Louisiana lawmaker who skipped Constitutional Carry vote facing backlash

AP Photo/Melinda Deslatte

And rightfully so, given the shameful way that Constitutional Carry was defeated last session. You might recall that the Republican-controlled legislature approved the permitless carry bill with enough votes to override Gov. John Bel Edwards’ veto, at least if all of the lawmakers stuck together.

Instead, a couple of Republican state senators ended up skipping the override session, with Sen. Ronnie Johns supposedly unable to attend because of knee surgery. As we noted at the time, however, there were rumors that Johns was going to be appointed by Edwards to the state’s powerful Gaming Commission, which indeed happened not long after the veto override failed.

But Johns still needs to be confirmed by the Republican-controlled state Senate, and this weekend a faction of GOP activists launched an effort to block Johns’ appointment, arguing that he shouldn’t be rewarded for blocking passage of a key legislative priority.

Johns’ critics pushed a resolution at the Republican State Central Committee meeting Saturday to request the GOP-controlled Senate block Johns’ appointment to lead the Gaming Control Board.  The resolution ultimately failed because the committee didn’t have enough members in attendance at the meeting to take a vote.

There are 230 people on the committee, and representatives for only 90 votes were still in attendance when the resolution came up for a vote. Some attendees were voting for multiple members by proxy.

Right before the resolution on Johns was to be debated, Sen. Sharon Hewitt, R-Slidell, asked the committee for a quorum call to check if enough voting members were present. Hewitt is the head of the senate committee that will vote whether to confirm Johns as a gambling regulator.

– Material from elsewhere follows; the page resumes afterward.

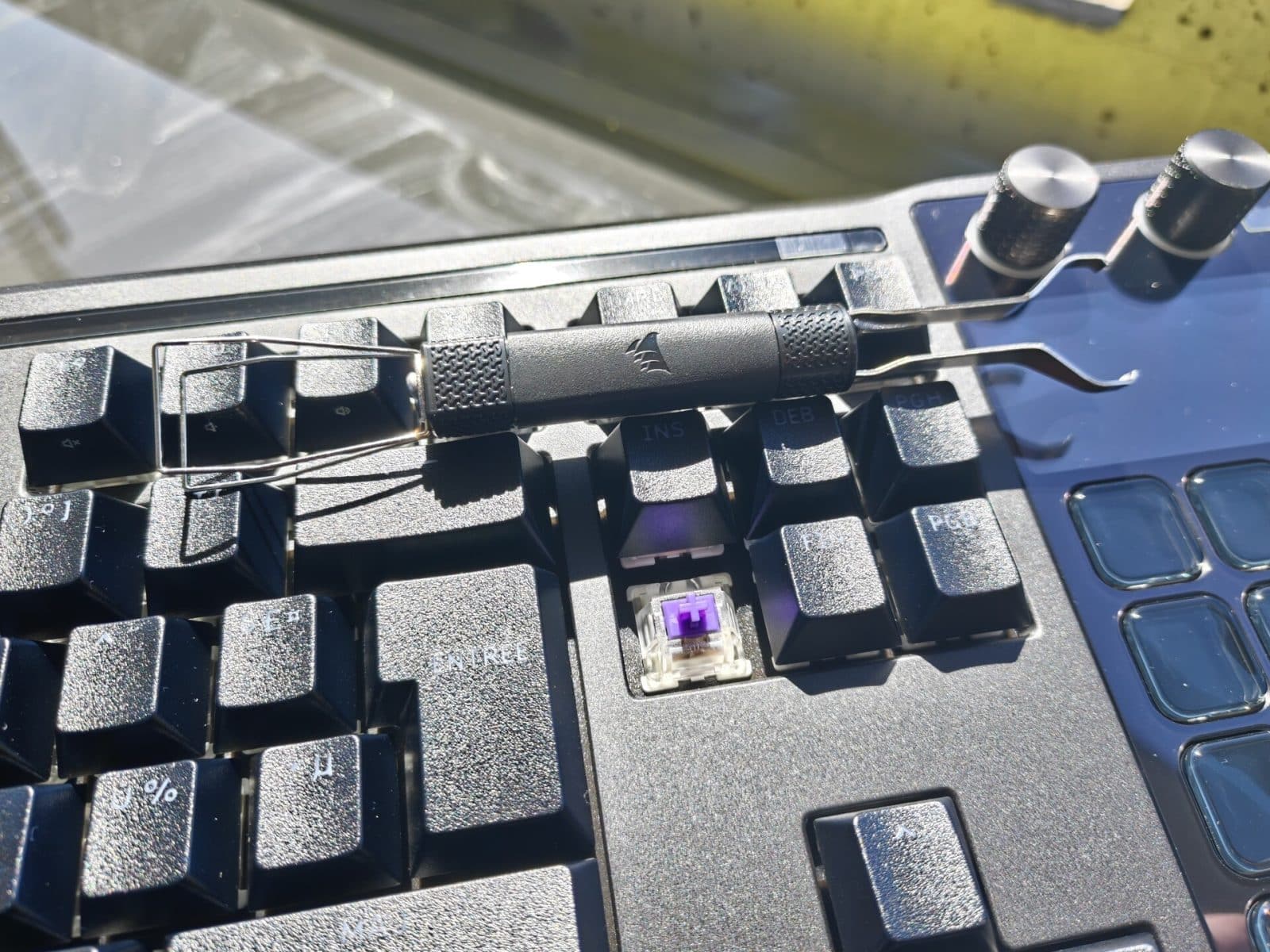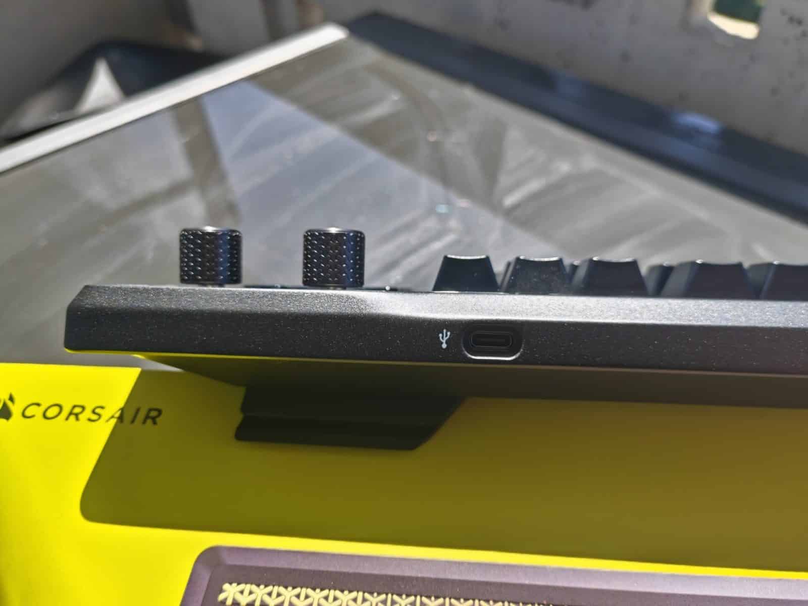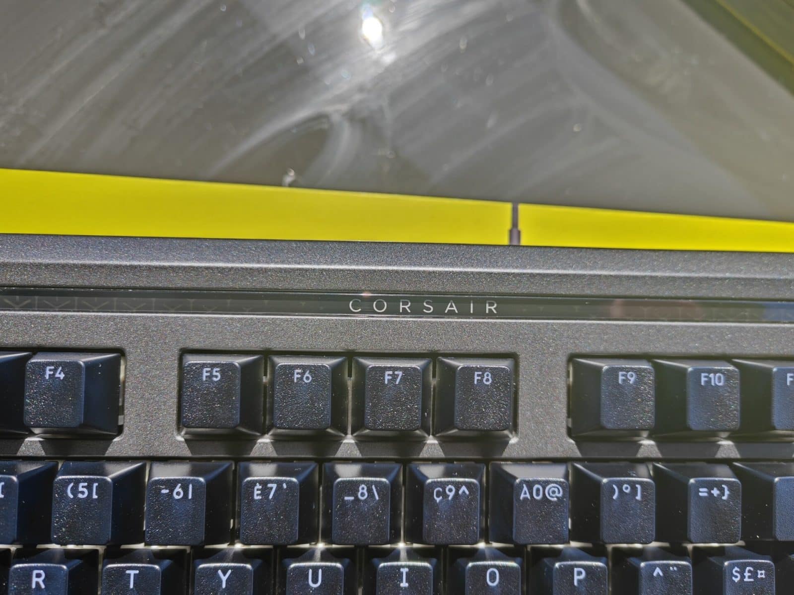 Au niveau de la frappe, Corsair a choisi des switchs maisons, les MLX Pulse. Avec une force d’activation de 45 g et une course totale de 3,6 mm, ils offrent un confort de frappe excellent avec un bruit agréable et contenu. Si vous le souhaitez, vous pourrez installer n’importe quel switchs tant qu’ils respectent les normes à 3 ou 5 pins. Haut de gamme oblige, les touches sont en moulées en PBT double shot. Ce procédé permet d’offrir une longévité à l’impression des touches, et d’éviter l’effet de brillance après un usage intensif. Personnellement, j’adore la frappe avec ces switchs. C’est doux, on a un bon feedback et le bruit est à un niveau sonore très agréable, ni trop fort ni pas assez. La frappe est simple et naturelle.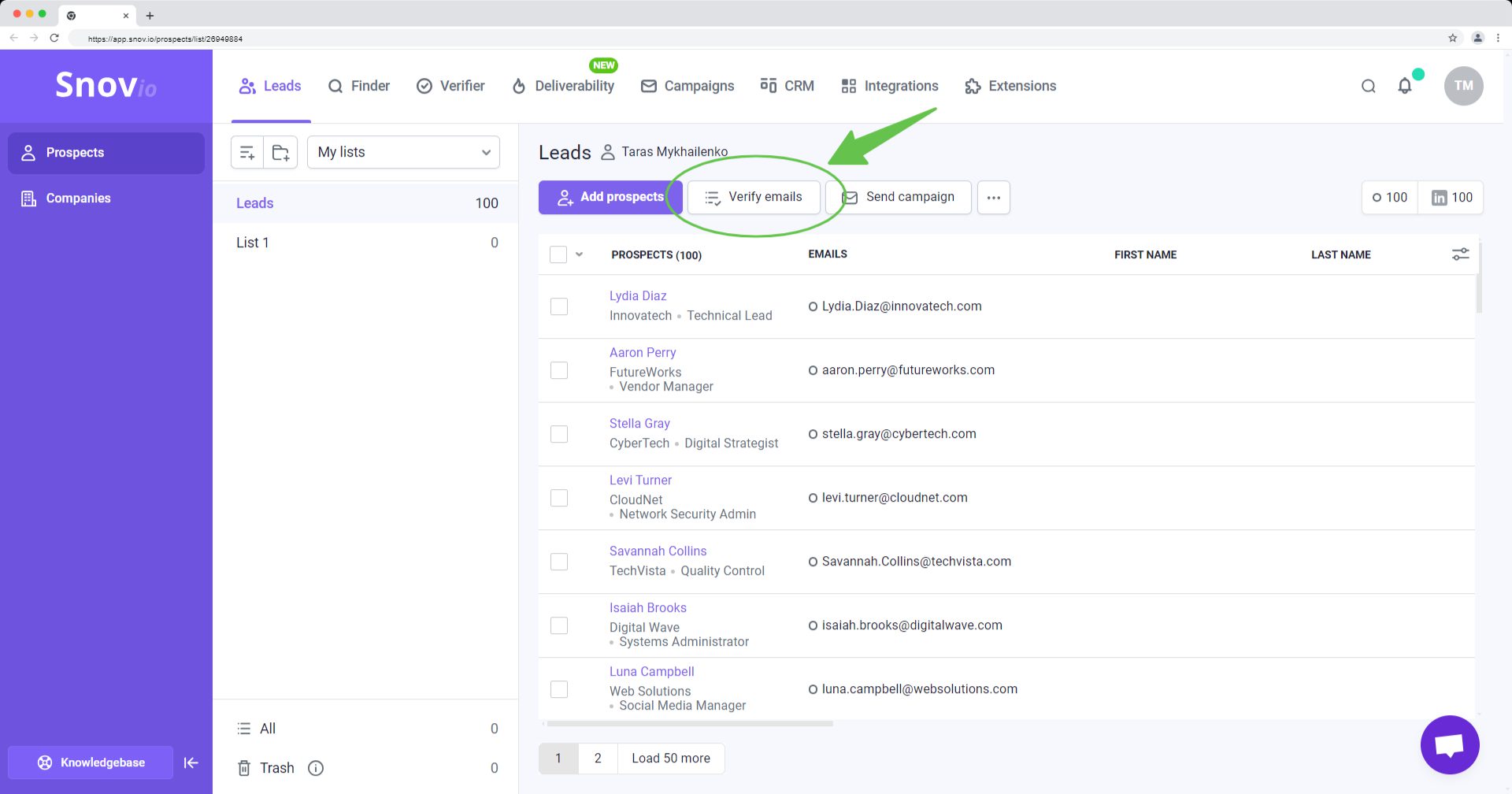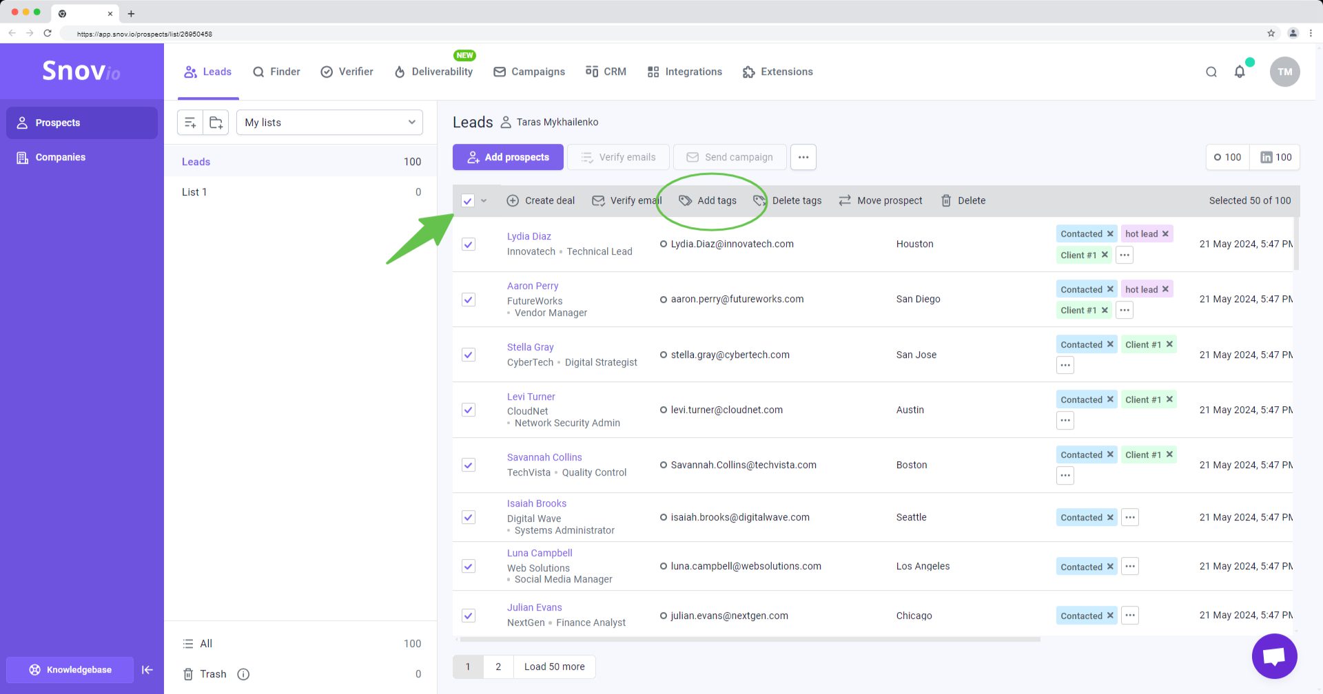 您账户中的潜在客户页面是您存储和管理潜在客户列表的工作区。您还可以在这里导入潜在客户、验证邮箱、清理列表、筛选和导出潜在客户。

As a senator, Johns was well-liked, respected and considered honest and fair by colleagues on both sides of the aisle. He is also a big booster for the gambling industry and was not shy about wanting the gambling regulator position. Casinos are among the biggest employers and an economic engine in Lake Charles, which Johns represented.

Johns could not be reached for comment Saturday.

Johns wasn’t the only GOP senator to originally vote for Constitutional Carry only to withhold his support during the veto override session. Besides Johns skipping the vote, Sen. Patrick Connick flip-flopped on his support, along with several other senators from both sides of the aisle.

According to the official vote count, the GOP’s Louie Bernard and Franklin Foil also switched from supporting the legislation during the regular session to voting against it in the veto override attempt. Additionally, Democrats Gary Carter, Jr. and Gary Smith, Jr. decided to toe the party line and back Edwards’ veto despite voting in favor of Constitutional carry just a few weeks ago.

Personally, I think the state party should sanction every Republican who flipped on Constitutional Carry, but Johns’ case is a little different that those sitting lawmakers, who can at least be challenged in a party primary. Johns wants to leave the Senate and assume the top slot at the state’s Gaming Board, so the easiest way for the party to punish him for his defection would be for his fellow senators to reject his nomination.

Even though the resolution to deny Johns his position on the Gaming Board failed on Saturday, his colleagues have been put on notice that the senator’s unwillingness to vote for Constitutional Carry when it really counted has rightfully (and righteously) ticked off many conservatives, and they don’t think Johns deserves to be rewarded for his legislative duplicity. We’ll see if that’s enough to doom his nomination to defeat, but if not don’t be surprised if grassroots activists in the state start demanding even more changes and accountability from state GOP leaders.